Just the other day I yelled at my 7th grader for using his calculator to answer a simple math problem. Being able to do math computations without the assistance of a “device” is important. Yet, the SAT and ACT do not require, or want, school based math. The tests don’t care if a student can rationalize radicals or add fractions- they care about students’ math reasoning skills. In order for students to shine on test day, they must know various problem-solving strategies. So, mathematicians and math teachers, please forgive us for the following three IMPORTANT strategies:
Picking numbers is typically used for questions that have variables in the answer choices, although it can apply to many other question types as well. If you see variables in the answer choices, your first instinct should be to pick numbers. Pick simple numbers and evaluate the question using your numbers, not variables. Plug your numbers into the answer choices and see which answer matches. You should always go through all answer choices, as more than one may be correct. If this occurs, try again with new numbers.

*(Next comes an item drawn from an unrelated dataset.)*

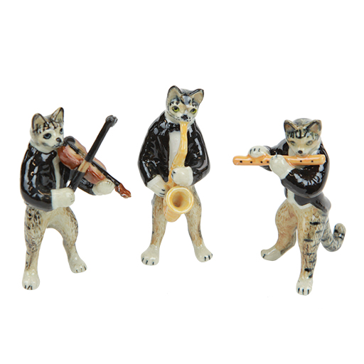 Give the perfect gift for both animal and music lovers combined with this band of cats playing instruments. Part of a series showcasing animals playing instruments, the figurines are made of porcelain, with the pig band featuring a violin, flute and saxophone. Each figurine offers exceptional accuracy, quality and finish. Beautifully coloured, this figurine set really is the ideal gift for both animal and music lovers.

If a question is asking for the value of x, or any numerical answer, it is sometimes best to look at the answer choices and plug them back into the problem, looking for the one that will work. Remember, on the SAT, numerical answer choices are arranged from least to greatest, so we always start with choice “C,” the number in the middle.
When you see average (mean) problems, you want to think “SUM.” For example, if the problem states, “In a group of 5 students the average age is 12,” you know that the sum of ages of the students is 60.